Sıhhiyeci Armin Theophil Wagner çektiği fotoğraflarla Ermenilerin kaderini tespit ediyor ve savaş sonrasında fotoğraf gösterileriyle Almanya’da duyulmasını sağlıyor. Avusturyalı Franz Werfel de “Musa Dağ´da 40 Gün” isimli romanıyla kıyım planı ve Ermeni halkının direnişi adına sanatsal bir anıt dikti.
Kitap çıktıktan sonra 1933’te hemen Almanya’da yasaklanıyor. Roman, Bialystok ve Vilnius’taki Yahudi gettolarında onları bekleyen kaderin adeta alameti olarak okunuyor.

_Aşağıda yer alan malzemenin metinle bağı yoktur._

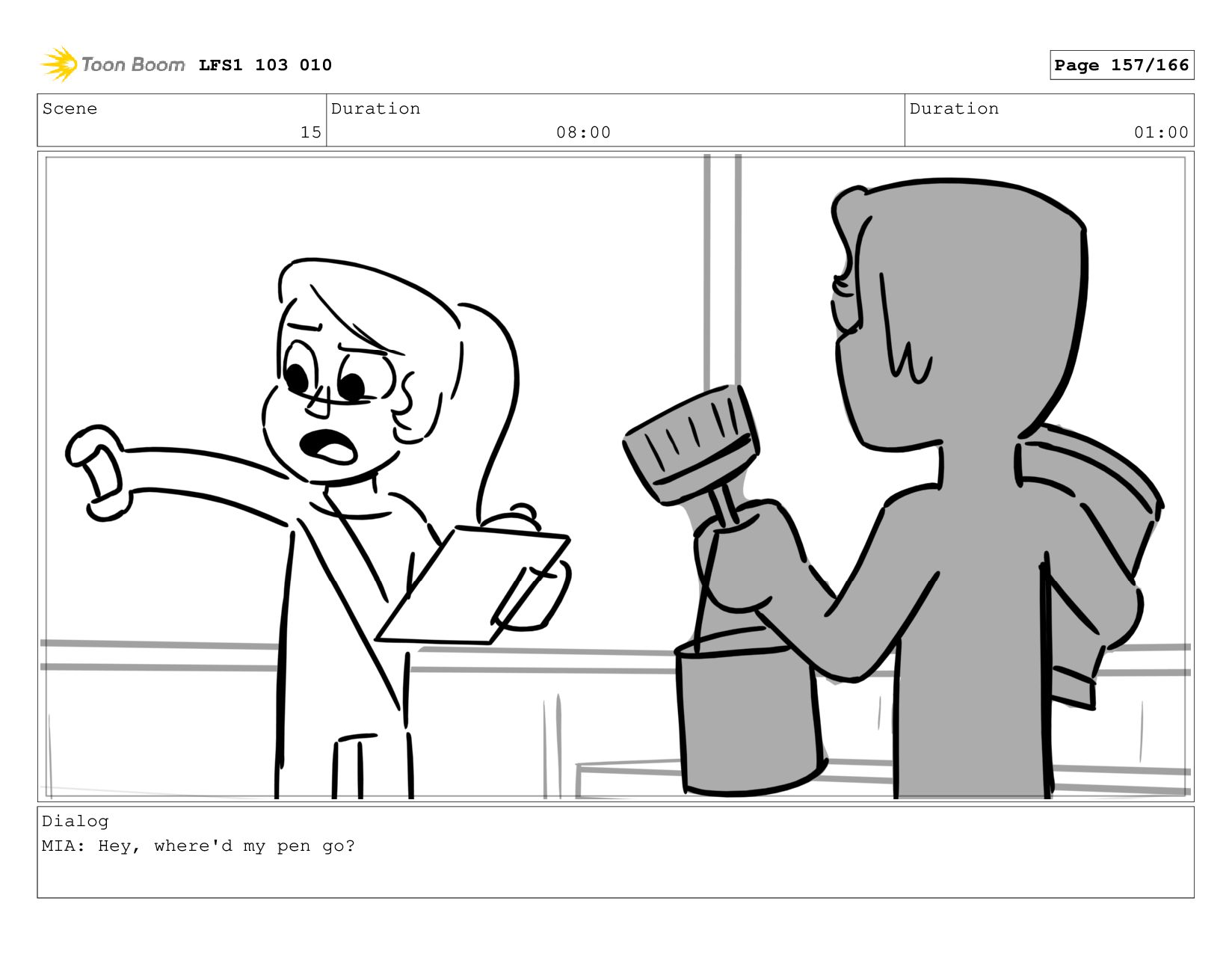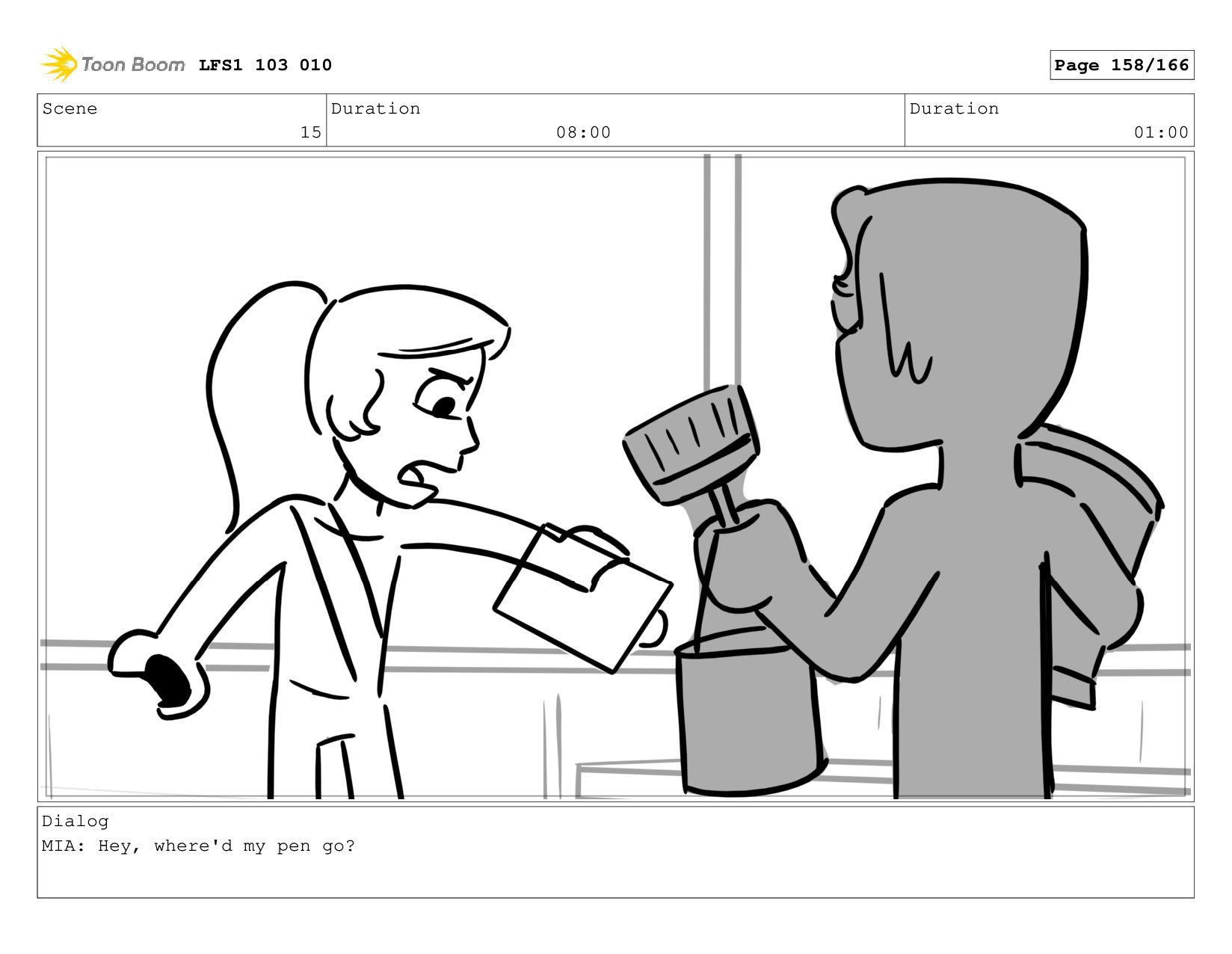Scene 15 Duration 08:00 Duration 01:00 Dialog MIA: Hey, where'd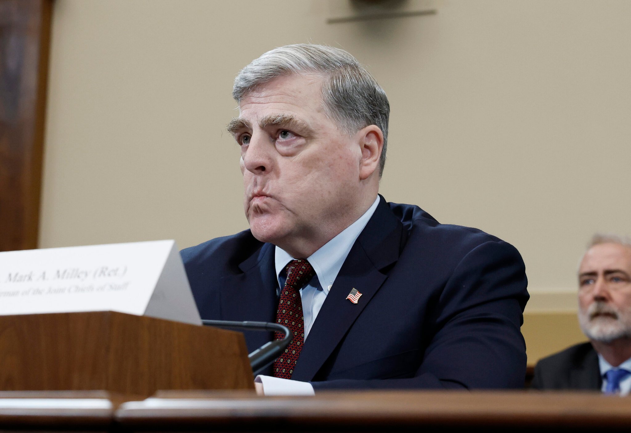 Wearing a blue suit and burgundy tie rather than the uniform of the 4-star Army general he was until last September, Milley testified at a hearing of the House Foreign Affairs committee hearing Tuesday on the Biden administration’s handling of the Afghan withdrawal in 2021.

Her iki taraf, yani Üçüncü İmparatorluk adı verilen Nazi Almanya’sının sansürcüleri ve Yahudiler kitabı ve kitapta anlatılan hikayeyi böylece çok iyi anlamış oluyorlar… Adolf Hitler bizzat 22 Ağustos 1939 günü Polonya’ya karşı savaş planlarını izah ederken Alman ordu birliklerinin üst düzey komutanları önünde yaptığı konuşmasında Polonya asıllı olan ve Lehçe konuşan erkek, kadın ve çocuğun ölüme gönderilmesini istiyor.
Konuşmasını herkesin de kayıtsız kalması beklentisiyle yönelttiği şu soruyla noktalıyor: ‘Ermenilerin yok edilmesini bugün kim konuşuyor ki?’ Biz konuşuyoruz! Biz! Halen bugün, yüz yıl sonra çok bilinçli şekilde biz konuşuyoruz. Ermenileri konuşuyoruz, insanlığa ve insan onuruna karşı işlenen diğer suçları da konuşuyoruz. Hitler haklı çıkmasın diye bunu yapıyoruz.”
Türkleri aşağılayan bu konuşmaya “aynı seviyede ve de sertlikte” cevap verilmez ise, “sukut ikrardan gelir” atasözümüzü okurlarıma hatırlatmak isterim.